# Information provided:
————————
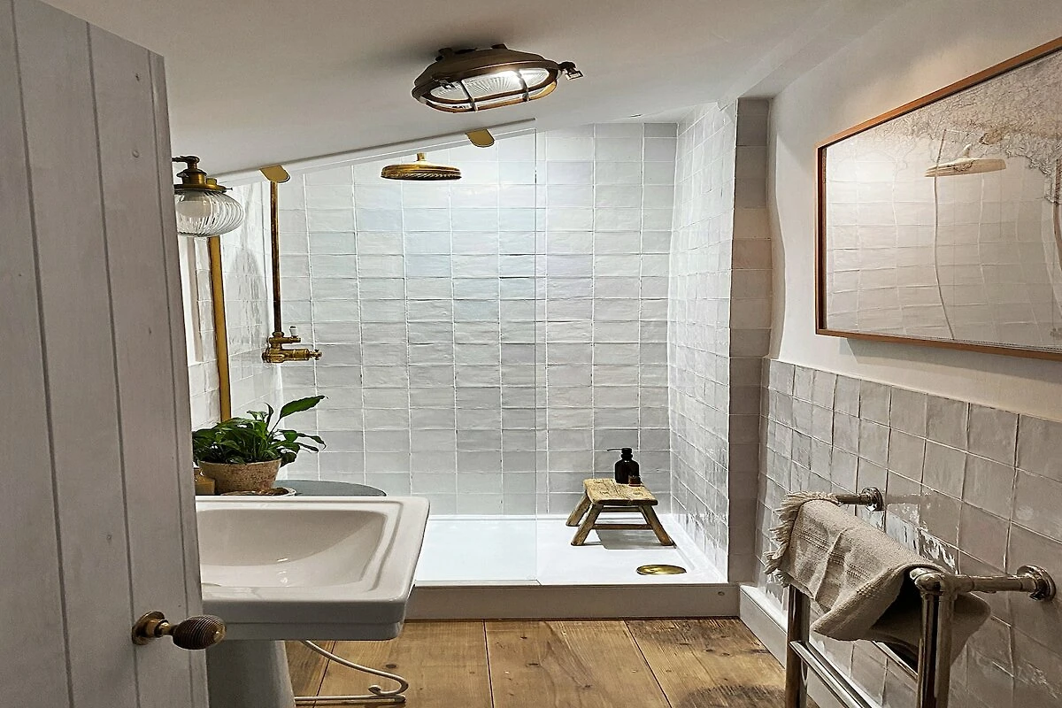 Het huisje is verdeeld over drie verdiepingen en beschikt over een rustige woonkamer en een landelijke keuken/eetkamer op de begane grond. Blootgestelde zandstenen muren en lage plafonds roepen nostalgische charme op, terwijl de charmante binnenplaats met een kenmerkende kersenbloesemboom op het zuidwesten ligt en de ruimte baadt in de middag- en vroege avondzon, perfect om buiten te ontspannen. Boven heeft de hoofdslaapkamer op de bovenste verdieping zichtbare balken en een vrijstaand bad, waardoor een gezellig en luxueus toevluchtsoord ontstaat (let op de beperkte hoofdhoogte). De tweepersoonsslaapkamer op de eerste verdieping heeft een aangrenzende doucheruimte, en een prachtig dubbel stapelbed aan de achterzijde dient als een perfecte schuilplaats voor kinderen.
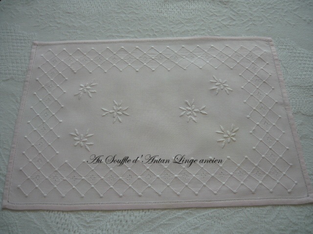 De forme rectangle, un superbe dessus de plateau / napperon ancien en coton couleur rose poudré, il est agrémenté de diverses broderies de couleur blanche, en bordure d'un ourlet ajouré.
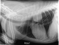 The appearance of primary lung tumors varies from a solitary mass (Figure 1) to involvement of an entire lung lobe or multiple lobes (Figure 2), indicating metastatic disease or multicentric pulmonary tumors. Radiographic assessment may be confounded by atelectasis secondary to pneumothorax or pleural effusion. Pleural effusion may result from regional lymph node metastasis, extension of the tumor into the pleura, or concurrent disease such as congestive heart failure or other nonneoplastic processes such as hypertrophic cardiomyopathy, feline infectious peritonitis, and chylothorax.1,14 But keep in mind that pleural effusion devoid of neoplastic cells on cytologic examination does not necessarily rule out primary pulmonary neoplasia.14,19,28
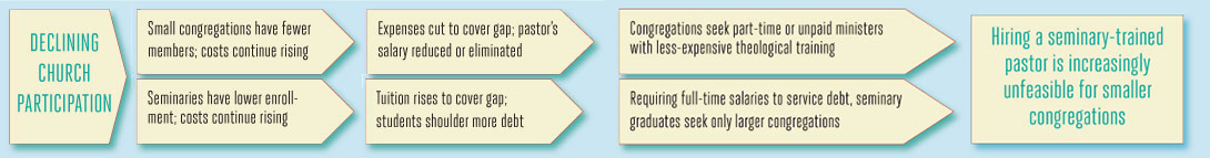At the same time, as many congregations struggle to keep the doors open in an era of declining membership, some are finding that they cannot afford a full-time pastor. And M.Div. graduates, many with heavy debt burdens that they have taken on to pay for their education, increasingly cannot afford the salaries offered by small congregations. Individuals, churches, and schools seem to be trapped.
————————
Reproduce verbatim the lines of the material above, beginning with its first line and ending with the line that contains "De forme rectangle, un"; skip pictures.

# Answer to this exercise:
 Het huisje is verdeeld over drie verdiepingen en beschikt over een rustige woonkamer en een landelijke keuken/eetkamer op de begane grond. Blootgestelde zandstenen muren en lage plafonds roepen nostalgische charme op, terwijl de charmante binnenplaats met een kenmerkende kersenbloesemboom op het zuidwesten ligt en de ruimte baadt in de middag- en vroege avondzon, perfect om buiten te ontspannen. Boven heeft de hoofdslaapkamer op de bovenste verdieping zichtbare balken en een vrijstaand bad, waardoor een gezellig en luxueus toevluchtsoord ontstaat (let op de beperkte hoofdhoogte). De tweepersoonsslaapkamer op de eerste verdieping heeft een aangrenzende doucheruimte, en een prachtig dubbel stapelbed aan de achterzijde dient als een perfecte schuilplaats voor kinderen.
 De forme rectangle, un superbe dessus de plateau / napperon ancien en coton couleur rose poudré, il est agrémenté de diverses broderies de couleur blanche, en bordure d'un ourlet ajouré.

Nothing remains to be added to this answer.